The show always started with a riddle; What does this pile of discarded laundry have to do with this rocket?   And then he would show the steps that multiple inventions built upon each other to get to the rocket (or whatever).
He explained how the vast majority of 'inventions' are the combination of existing things or processes.   Fascinating.   I think I have many episodes on VHS, somewhere.

Now; I'm wondering what could be done with existing tech to make an intelligent 'pet' and assistant for seniors that live alone (yes, like me).
The tech I've thought of that might be applied;
motion sensing - used in security and night lights
microphone and camera - everywhere
pattern learning - smart thermostats
mobility w/ self-charging - 'robot' vacuums
voice recognition virtual assistant - Amazon Echo. Google Smart Speaker (I hate that name as speaker is just a very small part of what it does)
Internet connection and apps - used everywhere, for everything
Home automation  - lights, security

I'm picturing some sort of electric pet, something like the FurReal Tiger, but could be most any form.
It would follow or come when called (voice or app).  Interact in playful ways. 
Call you by name like Siri / Alexa.
Accept and follow commands like Siri; remind me to buy milk, lock the doors, turn off lights...
Do programmed actions when it detects variations from your normal patterns.  Alert lights / sounds if you stay up to late.   Take video and contact people if you don't move or respond for a set amount of time.

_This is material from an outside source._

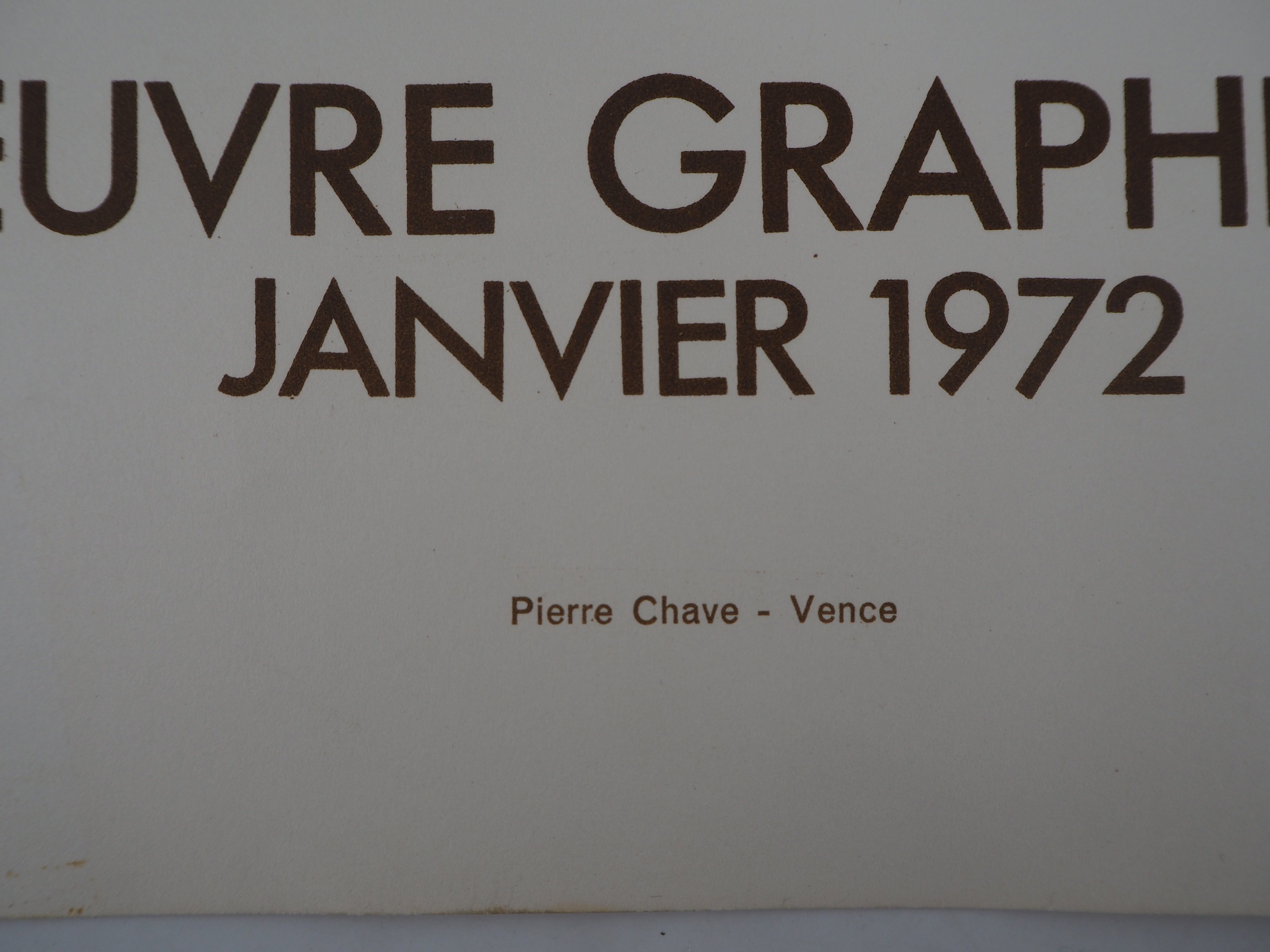 La lithographie tire son nom du grec lithos «pierre» et graphein, «écrire». Il s'agit d'une technique d’impression qui permet la création et la reproduction d'oeuvres graphiques en plusieurs exemplaires à partir de dessins reproduits sur une pierre calcaire. Le papier est mis en contact des pierres encrées dans une presse. Les lithographies peuvent être numérotées ou non. Des grands ateliers, comme Maeght ou Mourlot, maitres dans cette technique, et spécialisé dans cette technique on produit des lithographies des plus grands maîtres, très recherchées aujourd'hui

What form would you prefer?
What functions would you like it to be able to do?


----------



## jujube (Nov 10, 2017)

I'm hard put just to keep the dust bunnies under the bed fed and alive.  Not sure I could handle something mechanical that would nag me.


----------



## HipGnosis (Nov 21, 2017)

I happened upon this article that says someone is already doing it;
https://www.cnet.com/news/robot-companions-are-just-what-the-doctor-ordered/


----------



## RadishRose (Nov 21, 2017)

All that is well and good if I could learn it.

I'd ask for one tweak- the ability of a robot to feed my *real* care dog, or pet cat; let the dog out on a tether to "go' in addition to a helpful neighbor and/or myself each day. There's nothing like the affection of an animal to lower blood pressure, make us smile, snuggle with, etc.

Heck, I've seen care dogs open refrigerators with a rope tied to the door and get their human a beer!


----------



## fuzzybuddy (Nov 29, 2017)

That's not a bad idea. My cat, Fuzzybuddy, died in May. I'm 71. When you're 30, you can lie that you're really 23. When you're 71, your body tells the truth. Another pet is not in the cards. But since Fuzzy is gone, I've started to talk to myself. I lived alone for years, and I never talked to myself. Having an animal in the house is beneficial for me,  but definitely not for the animal.  A tiny example is my TV is very* LOUD* .  So an artificial animal would be just right.


----------